- _Task statement_
Where an image occurs, skip it and print the rest of the records verbatim.

Collected data entries:
──────────
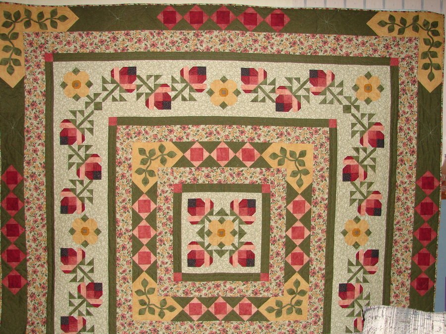 | Design Source - Description | I revised a rose block found in a Thimbleberries book, but designed the rest of the blocks and the quilt design myself in EQ5. It was 104 in. square. |
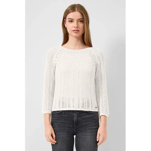 Deze QS katoenen trui is een lichte, fijngebreide basic met een vrouwelijke uitstraling. De subtiele ajourstructuur en gehaakte details geven een luchtig effect, terwijl de slim fit pasvorm mooi aansluit op het lichaam. De ronde hals en driekwart raglanmouwen zorgen voor een ontspannen, maar verzorgde look die je zowel casual als wat netter kunt dragen.Verfijnde details voor elke dag Gemaakt van 100% katoen, dat zacht aanvoelt op de huid Ajourmotief en gehaakte details voor een luchtige en verfijnde uitstraling Slim fit pasvorm die het silhouet volgt zonder strak te zitten Ronde hals die makkelijk combineert met verschillende sieraden Driekwart raglanmouwen voor extra bewegingsvrijheid bij de schouders Rechte mouwen met geribde zoom, zodat de trui mooi in model blijft Effen kleur, eenvoudig te combineren met jeans, rok of pantalon Zonder zakken voor een rustige, clean voorzijdeLicht en luchtig in je dagelijkse outfitsDeze trui is ideaal voor tussenseizoenen of dagen waarop je graag laagjes draagt. Het opengewerkte ajourpatroon maakt de trui licht en luchtig, waardoor een top eronder mooi subtiel doorschemert. Combineer met een hoge jeans voor een ontspannen look, of met een nette broek voor een rustige, verzorgde outfit.QS: modern en toegankelijkQS staat voor moderne, draagbare mode met een toegankelijke uitstraling. De ontwerpen zijn afgestemd op dagelijks gebruik en sluiten aan bij een actieve levensstijl. Met deze trui kies je voor een betrouwbaar kledingstuk dat gemakkelijk in je bestaande garderobe past.Een lichte knit die je zo uit de kast pakt voor een verzorgde look, dag na dag.
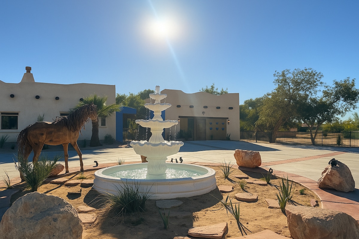 Stunning Spanish-Style Oasis in the Arizona Desert Welcome to our breathtaking Spanish-style guest house in the serene Arizona desert. This retreat features one of the city's most iconic pools and a beautiful patio for outdoor enjoyment. Fully equipped for a luxurious stay, you’ll love lounging by the pool and barbecuing.The hot tub is available for a $40 fee for two days. At Casa Santa Fe, please notify us one hour in advance to turn it on. Relax and enjoy your stay in this desert oasis!
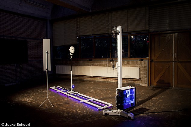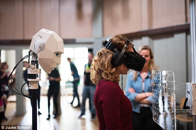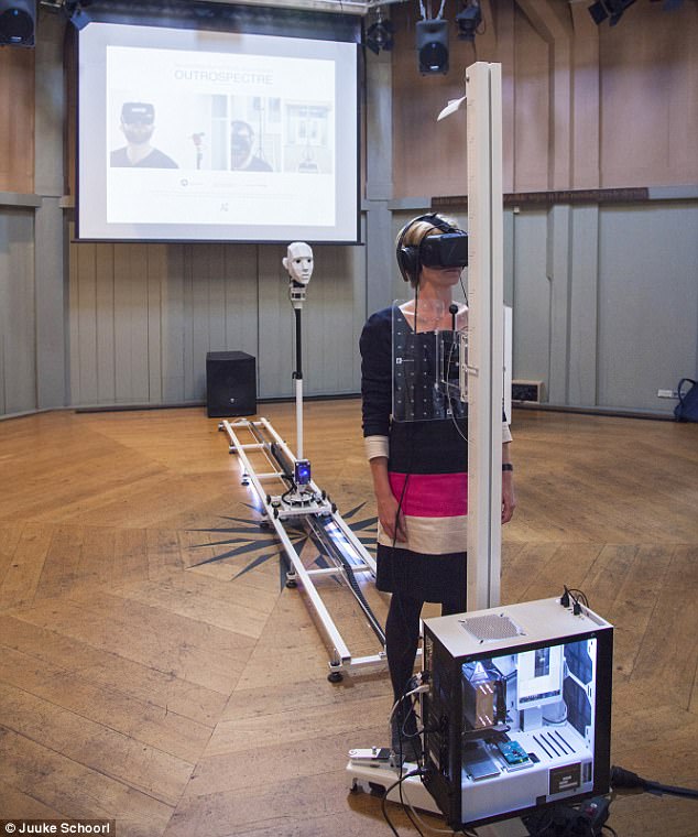 机器人实时模拟用户的头部运动,还有两个麦克风位于脸的两侧。用户可以环顾四周,体验自身的移动。此外,还有一个自动锤子,每秒钟敲击胸部以模仿心跳。Kolkman还在轨道末尾放了一面镜子,让用户可以看到反射的画面。这些都有助于让体验变得更加真实。
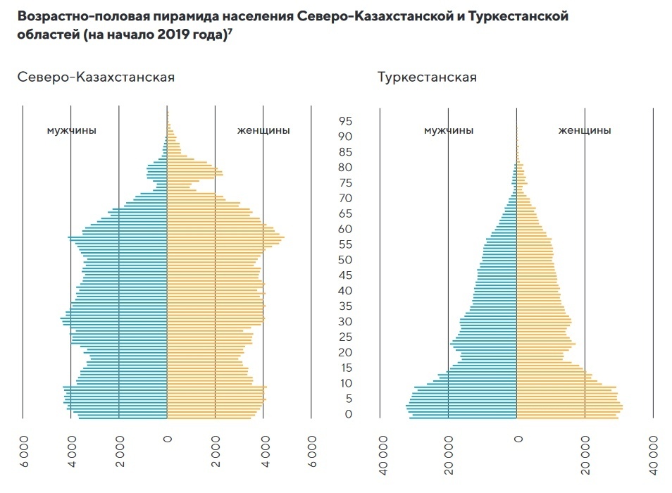 Сравнение возрастной структуры в Северо-Казахстанской и Туркестанской областях. Обратите внимание также на количество по горизонтальной шкале. Географически это выглядит так:
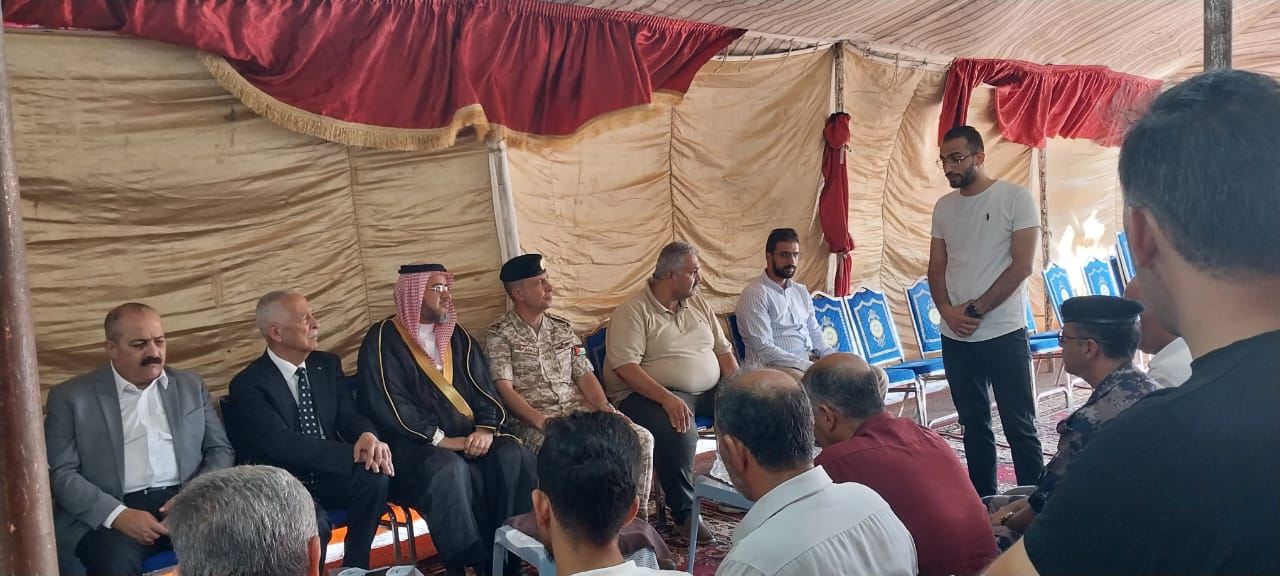 عمان- 1 تموز 2024 مندوبا عن جلالة الملك عبدالله الثاني، وسمو الأمير الحسين بن عبدالله الثاني، ولي العهد، قدم رئيس الديوان الملكي الهاشمي يوسف حسن العيسوي، واجب العزاء بشهيد الواجب الوكيل محمد أحمد الفوارس، من مرتب مديرية الأمن العام، الذي ارتقى إلى وجه ربه، متأثراً بإصابته أثناء قيامه بواجبه المقدس في الحفاظ على الأرواح، بواجب إنقاذ في لواء الرصيفة.
──────────
- _Result of this task_
 | Design Source - Description | I revised a rose block found in a Thimbleberries book, but designed the rest of the blocks and the quilt design myself in EQ5. It was 104 in. square. |
 Deze QS katoenen trui is een lichte, fijngebreide basic met een vrouwelijke uitstraling. De subtiele ajourstructuur en gehaakte details geven een luchtig effect, terwijl de slim fit pasvorm mooi aansluit op het lichaam. De ronde hals en driekwart raglanmouwen zorgen voor een ontspannen, maar verzorgde look die je zowel casual als wat netter kunt dragen.Verfijnde details voor elke dag Gemaakt van 100% katoen, dat zacht aanvoelt op de huid Ajourmotief en gehaakte details voor een luchtige en verfijnde uitstraling Slim fit pasvorm die het silhouet volgt zonder strak te zitten Ronde hals die makkelijk combineert met verschillende sieraden Driekwart raglanmouwen voor extra bewegingsvrijheid bij de schouders Rechte mouwen met geribde zoom, zodat de trui mooi in model blijft Effen kleur, eenvoudig te combineren met jeans, rok of pantalon Zonder zakken voor een rustige, clean voorzijdeLicht en luchtig in je dagelijkse outfitsDeze trui is ideaal voor tussenseizoenen of dagen waarop je graag laagjes draagt. Het opengewerkte ajourpatroon maakt de trui licht en luchtig, waardoor een top eronder mooi subtiel doorschemert. Combineer met een hoge jeans voor een ontspannen look, of met een nette broek voor een rustige, verzorgde outfit.QS: modern en toegankelijkQS staat voor moderne, draagbare mode met een toegankelijke uitstraling. De ontwerpen zijn afgestemd op dagelijks gebruik en sluiten aan bij een actieve levensstijl. Met deze trui kies je voor een betrouwbaar kledingstuk dat gemakkelijk in je bestaande garderobe past.Een lichte knit die je zo uit de kast pakt voor een verzorgde look, dag na dag.
 Stunning Spanish-Style Oasis in the Arizona Desert Welcome to our breathtaking Spanish-style guest house in the serene Arizona desert. This retreat features one of the city's most iconic pools and a beautiful patio for outdoor enjoyment. Fully equipped for a luxurious stay, you’ll love lounging by the pool and barbecuing.The hot tub is available for a $40 fee for two days. At Casa Santa Fe, please notify us one hour in advance to turn it on. Relax and enjoy your stay in this desert oasis!
 机器人实时模拟用户的头部运动,还有两个麦克风位于脸的两侧。用户可以环顾四周,体验自身的移动。此外,还有一个自动锤子,每秒钟敲击胸部以模仿心跳。Kolkman还在轨道末尾放了一面镜子,让用户可以看到反射的画面。这些都有助于让体验变得更加真实。
 Сравнение возрастной структуры в Северо-Казахстанской и Туркестанской областях. Обратите внимание также на количество по горизонтальной шкале. Географически это выглядит так:
 عمان- 1 تموز 2024 مندوبا عن جلالة الملك عبدالله الثاني، وسمو الأمير الحسين بن عبدالله الثاني، ولي العهد، قدم رئيس الديوان الملكي الهاشمي يوسف حسن العيسوي، واجب العزاء بشهيد الواجب الوكيل محمد أحمد الفوارس، من مرتب مديرية الأمن العام، الذي ارتقى إلى وجه ربه، متأثراً بإصابته أثناء قيامه بواجبه المقدس في الحفاظ على الأرواح، بواجب إنقاذ في لواء الرصيفة.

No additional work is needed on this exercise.